The Center for Election Confidence (CEC) submitted comments to the Office of Management and Budget (OMB) and the U.S. Election Assistance Commission (EAC) concerning proposed revisions to regulations governing grants issued by the federal government, including election grant funds.
CEC’s comments focus on three aspects of the proposal that directly affect election administration: the treatment of nonprofit organizations seeking federal grants, the protection of Help America Vote Act (HAVA) formula funding, and restrictions on using federal award funds for voter-registration campaigns and related political activities.
CEC supports the proposal’s broader effort to improve transparency, accountability, and oversight of federal awards. Federal election funds should be used only for the lawful public purposes authorized by Congress and should not subsidize unrelated political advocacy, lobbying, or voter-mobilization activities.
Nonprofit Eligibility Should Be Based on the Proposed Project
The proposed regulations would permit federal agencies to restrict certain grant opportunities based on whole categories of tax-exempt organizations. For example, an agency could limit eligibility to organizations recognized under section 501(c)(3) of the Internal Revenue Code and exclude all organizations recognized under section 501(c)(4).
CEC cautions that tax status alone should not replace a careful evaluation of the proposed project, the governing statute, the applicant’s compliance history, and the safeguards imposed on the award.
“A tax-exempt classification describes an organization’s permissible purposes; it is not a substitute for examining the proposed activity, the authorizing statute, the applicant’s compliance history, or the safeguards attached to the award.”

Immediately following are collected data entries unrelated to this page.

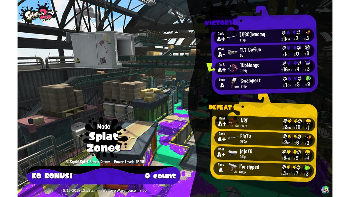 | Mode | Splat Zones - Ranked Battle | |||||||||||||||||||||||||||||||||||||
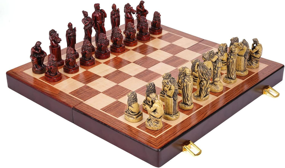 Retro Roman Chess Set with Resin Chess Pieces and Wooden Chessboard
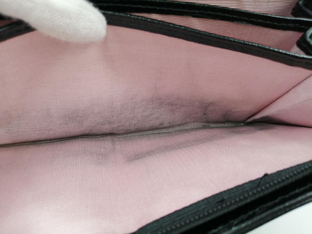 中の小銭入れ、お札入れに黒い汚れ有り
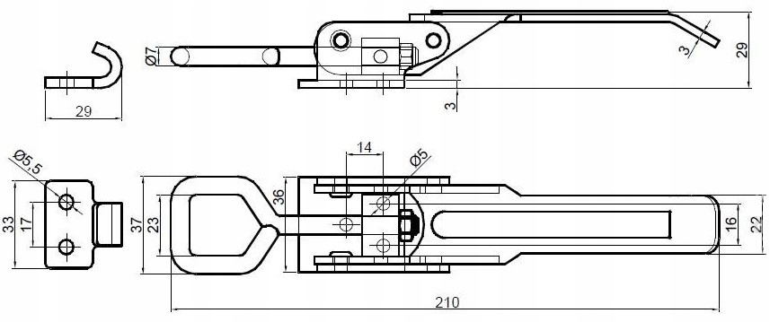 Замок Закрытие Боковая защелка Регулируемая 210x37
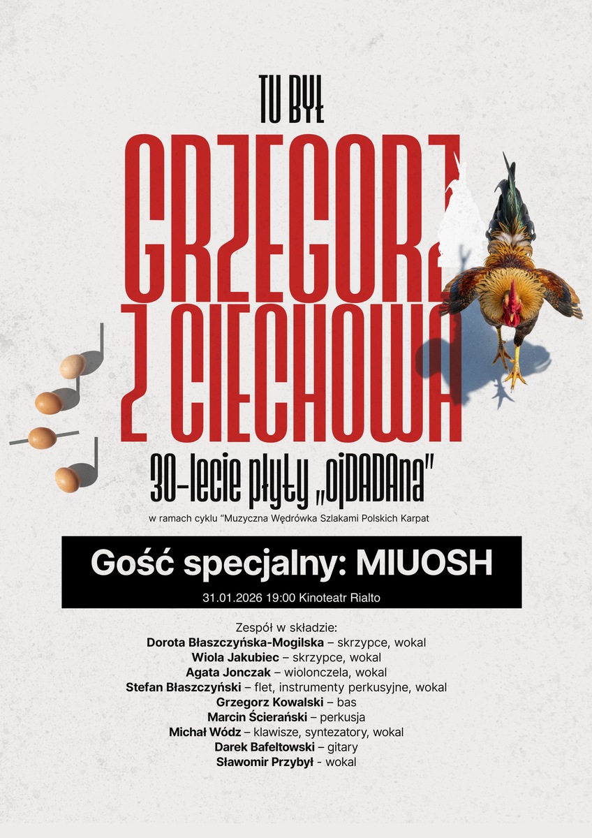 „Tu był Grzegorz z Ciechowa” - 30-lecie albumu „ojDADAna” to wyjątkowy projekt muzyczny upamiętniający 30-lecie kultowego albumu Grzegorza Ciechowskiego. Aranżacje przygotowane przez Grzegorza Kowalskiego i Dorotę Mogilską-Błaszczyńską łączą tradycyjne motywy ludowe z nowoczesnym brzmieniem elektroniki i muzyki rozrywkowe. Gościnnie wraz z zespołem wystąpi jeden z najważniejszych polskich raperów i producentów muzycznych MIUOSH. Projekt jest hołdem dla twórczości Grzegorza Ciechowskiego i próbą ponownego odczytania jego idei łączenia tradycji z nowoczesnością.
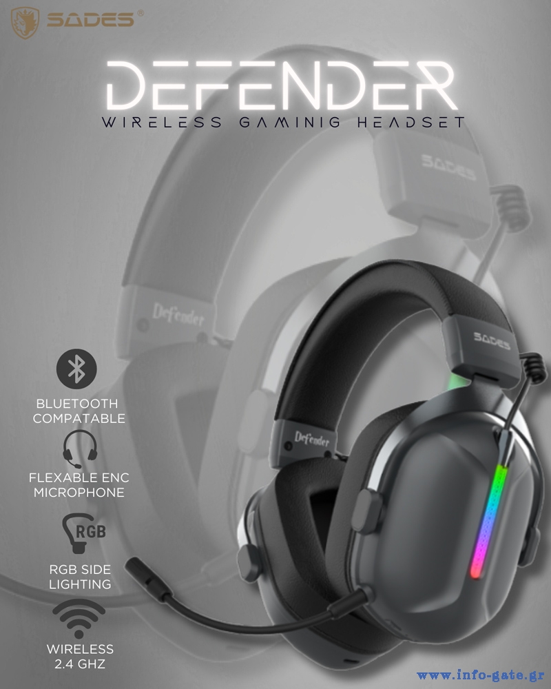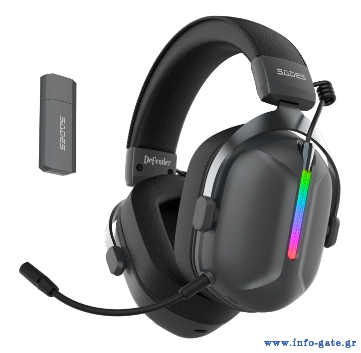 SADES gaming headset Defender, ασύρματα & ενσύρματα, 50mm, 1050mAh, RGB, multi-platform, μαύρο
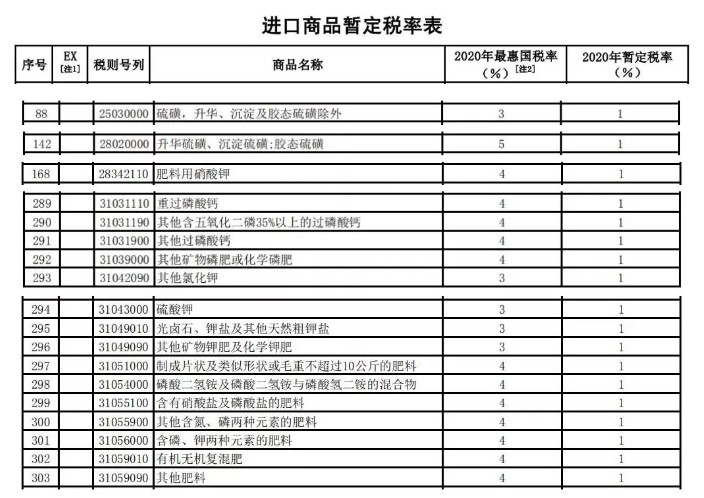 在进口关税方面,硫酸钾、磷肥、含氮磷两种肥效的化肥肥料、其他肥料等,2020年暂定关税均为1%。
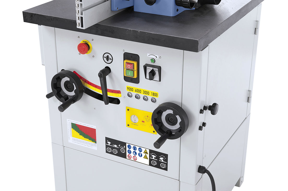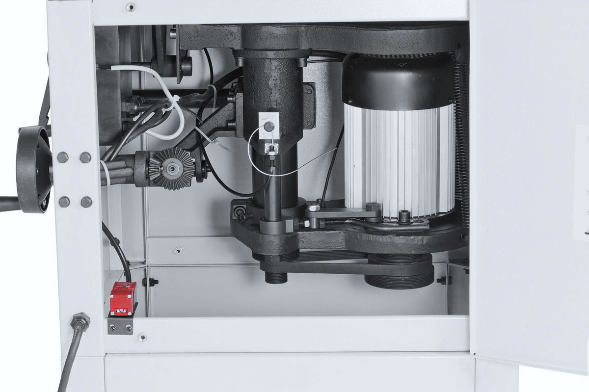 Lisävarusteena saatavana liukupöytä, jonka avulla isojen työkappaleiden työstäminen sujuu kätevästi. Karan kierrosnopeuden näyttö helppolukuisella LED-näytöllä. Ergonomisesti muotoilluilla käyttöveiveillä työskentely on helppoa. Kallistuva kara -5 – +30 astetta.Koneessa myös karan suunnanvaihto.
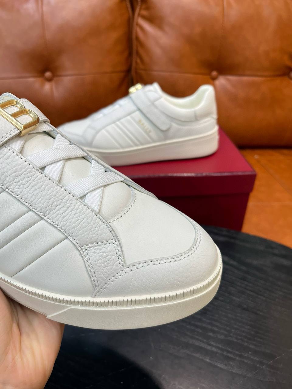 Представляем мужские кроссовки BALLY — идеальное сочетание комфорта и стиля. Эти кроссовки изготовлены из высококачественной телячьей кожи, что обеспечивает не только долговечность, но и приятные ощущения при носке. Элегантный дизайн с тройным крестом и удобными липучками придает обуви современный и минималистичный вид, который легко вписывается в любой гардероб. Эти кроссовки идеально подходят как для повседневной носки, так и для активного отдыха.
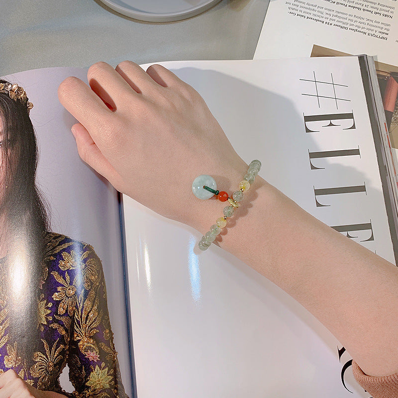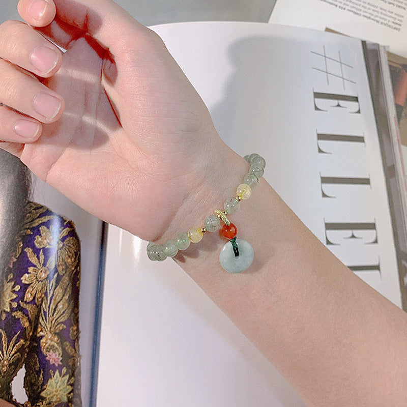 Rock Crystal Bracelet New Niche Green Hair Crystal Bracelet Woven Jade Buckle Pendant Jewelry
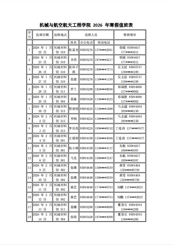 学院2026年寒假值班表
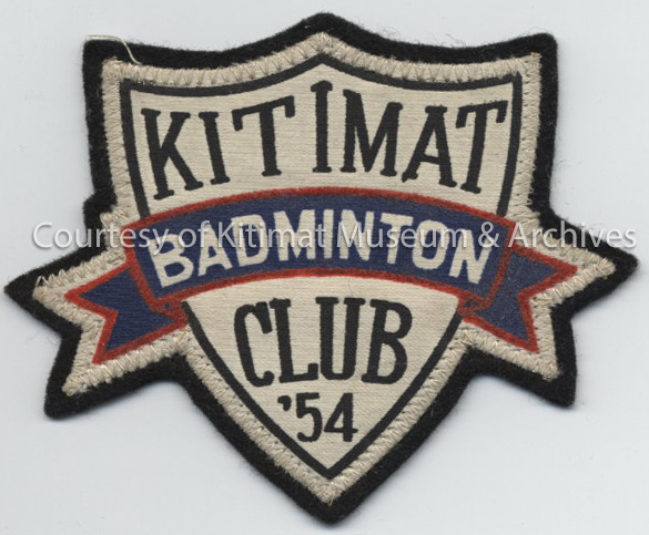- Patch with black back and silver front with black text and red and blue banner. Inscribed with Kitimat Badminton Club '54
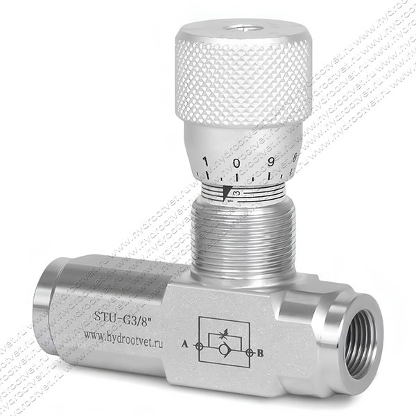 Дроссель трубного монтажа STU-G3/8-1111-1 типоразмера Ду10 с рукояткой предназначен для установки непосредственно в трубопровод при помощи резьбы размером G3/8. Дроссель STU-G3/8-1111-1 оснащен удобной регулировочной рукояткой со шкалой и фиксатором - это очень удобно, если требуется часто изменять величину расхода масла в гидросистеме, например, на стенде или при смене обрабатываемой детали в станке. Дроссель STU-G3/8-1111-1 выполнен с обратным клапаном в параллели для свободного тока рабочей жидкости. Соответственно, STU регулирует расход масла только в одном направлении. Дроссели STU-G3/8-1111-1 служат для бесступенчатой регулировки расхода масла в гидросистеме, то есть скорости исполнительного механизма (гидроцилиндра, например). Регулятор STU-G3/8-1111-1 выполнен из стали 45 и имеет серебряно-цинковое покрытие. Клапаны STU-G3/8-1111-1 производятся в Китае на ведущем заводе-изготовителе гидроаппаратуры, с которым сотрудничает магазин Гидроответ, и являются качественными аналогами одноименного клапана известного немецкого бренда.
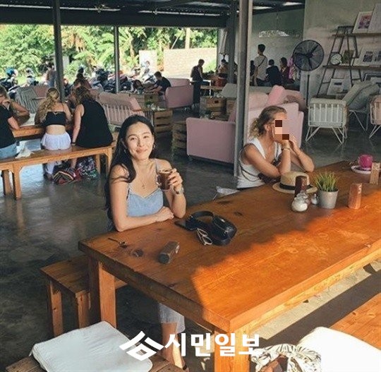 공개된 사진 속 가희는 발리의 한 카페에서 여유로운 일상을 즐기며 환한 미소를 짓고 있다.
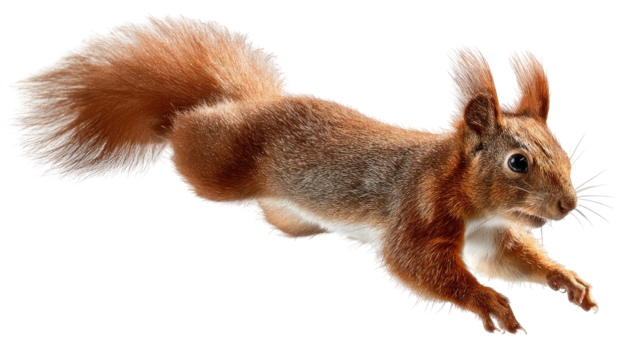 Energetic red squirrel with a bushy tail leaping gracefully in midair isolated on transparent background
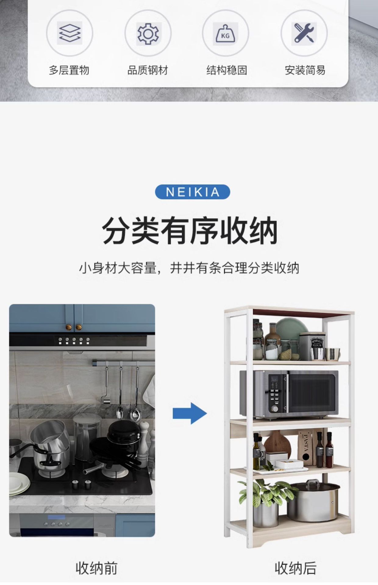 다기능 수납 선반, 다층 수납 선반, 냄비, 오븐, 전자레인지, 조미료 선반, 칸막이스토어 가기
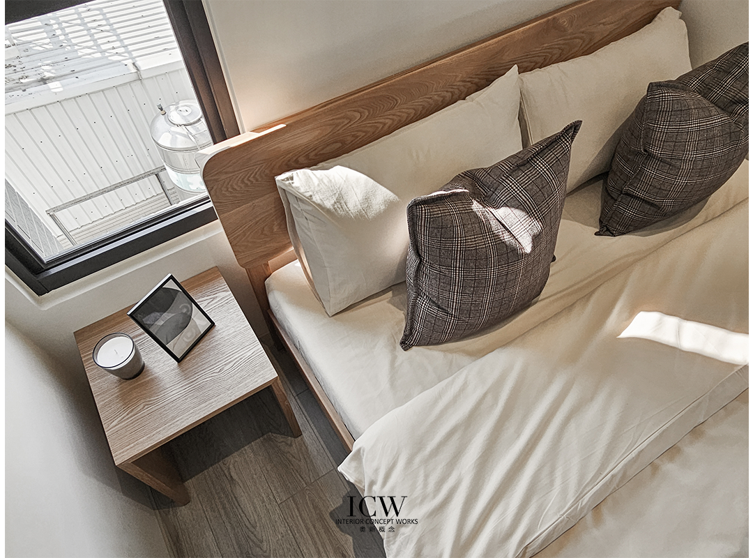 侘寂風格次臥室: 緊鄰公共浴室,自然紋理實木雙人床,與大地色調床品,讓整個侘寂風的設計從客廳持續的延伸。整個房子的室內設計巧妙地平衡了當代美學與生活機能,每一個細節都體現了侘寂風室內設計的精髓。

CEC urges OMB and the EAC to require objective, program-specific reasons before excluding an entire category of nonprofit organizations. Agencies should also consider whether ordinary grant controls – including segregated accounts, project-specific budgets, audits, certifications, and cost-allocation procedures – can adequately ensure that federal funds are used only for the authorized project.
However, if such classifications are used, CEC supports requiring agencies to disclose any such limitations clearly in grant announcements. Applicants should not be required to devote time and resources to a proposal only to learn later that their tax classification made them ineligible.
HAVA Formula Grants Should Be Protected
CEC also asks OMB and the EAC to clarify that HAVA grants distributed to states and territories according to formulas established by Congress are not subject to the proposal’s expanded discretionary-termination authority.
States rely on HAVA funding to plan multiyear election-security, cybersecurity, accessibility, equipment, and election-administration projects. Formula awards with specific criteria authorized by Congress should not be terminated merely because an agency or administration later adopts different policy preferences.
This protection would not excuse misuse or noncompliance. Recipients would remain responsible for satisfying HAVA, the conditions of the award, audit requirements, and other applicable laws. The clarification would simply preserve the distinction between discretionary grants and funds Congress directed agencies to distribute according to those statutory formulas.
For genuinely discretionary EAC grants, CEC recommends requiring a clear written explanation before termination. The explanation should identify the program objective that is allegedly no longer being served, the facts supporting that determination, and whether a narrower corrective action could protect the government’s interests.
Federal Funds Should Not Finance Voter-Mobilization Campaigns
CEC generally supports the proposed restriction on using federal award funds for voter-registration campaigns, voter-registration drives, issue advocacy, influence campaigns, and similar activities.
Federal election-administration dollars should support the neutral administration of elections—not efforts to shape the electorate for political, ideological, or organizational purposes.
CEC concludes that carefully tailored nonprofit-eligibility standards, express protection for statutory-formula HAVA grants, and firm restrictions on political uses of federal funds would strengthen accountability while reducing uncertainty for nonprofit applicants, election officials, and the EAC.